* Data excerpt:
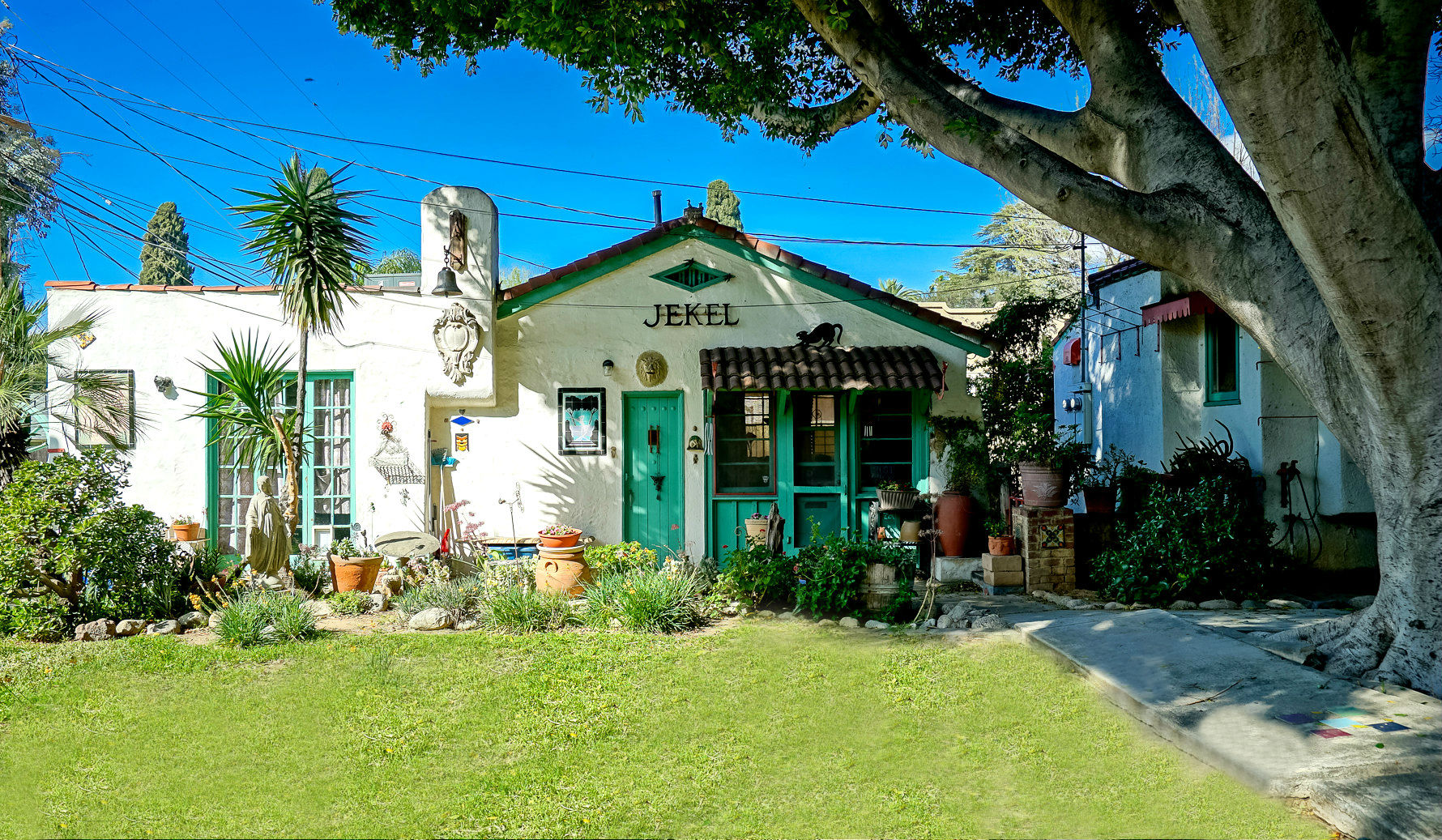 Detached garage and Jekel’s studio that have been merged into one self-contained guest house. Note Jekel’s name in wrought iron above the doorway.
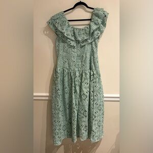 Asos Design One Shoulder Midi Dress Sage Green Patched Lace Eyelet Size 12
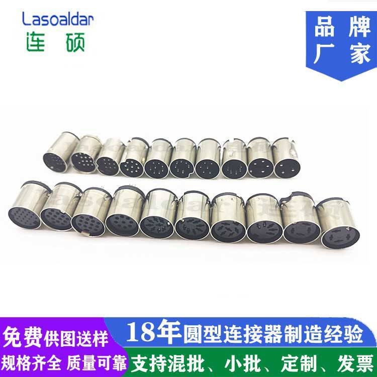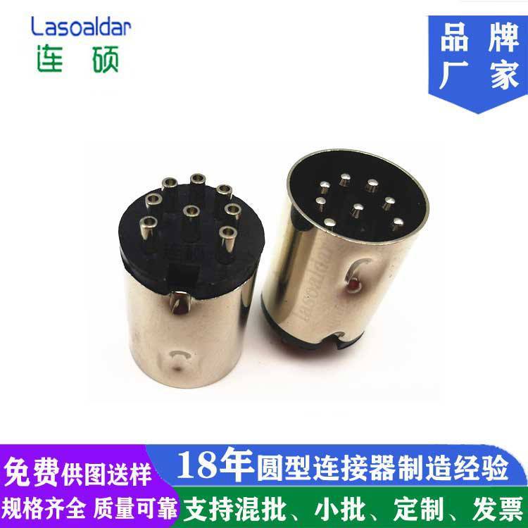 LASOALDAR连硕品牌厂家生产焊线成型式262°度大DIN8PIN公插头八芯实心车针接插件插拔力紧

* Work instructions: Could you reproduce the listing above word for word while leaving out its pictures?

* Response area:
 Detached garage and Jekel’s studio that have been merged into one self-contained guest house. Note Jekel’s name in wrought iron above the doorway.
 Asos Design One Shoulder Midi Dress Sage Green Patched Lace Eyelet Size 12
 LASOALDAR连硕品牌厂家生产焊线成型式262°度大DIN8PIN公插头八芯实心车针接插件插拔力紧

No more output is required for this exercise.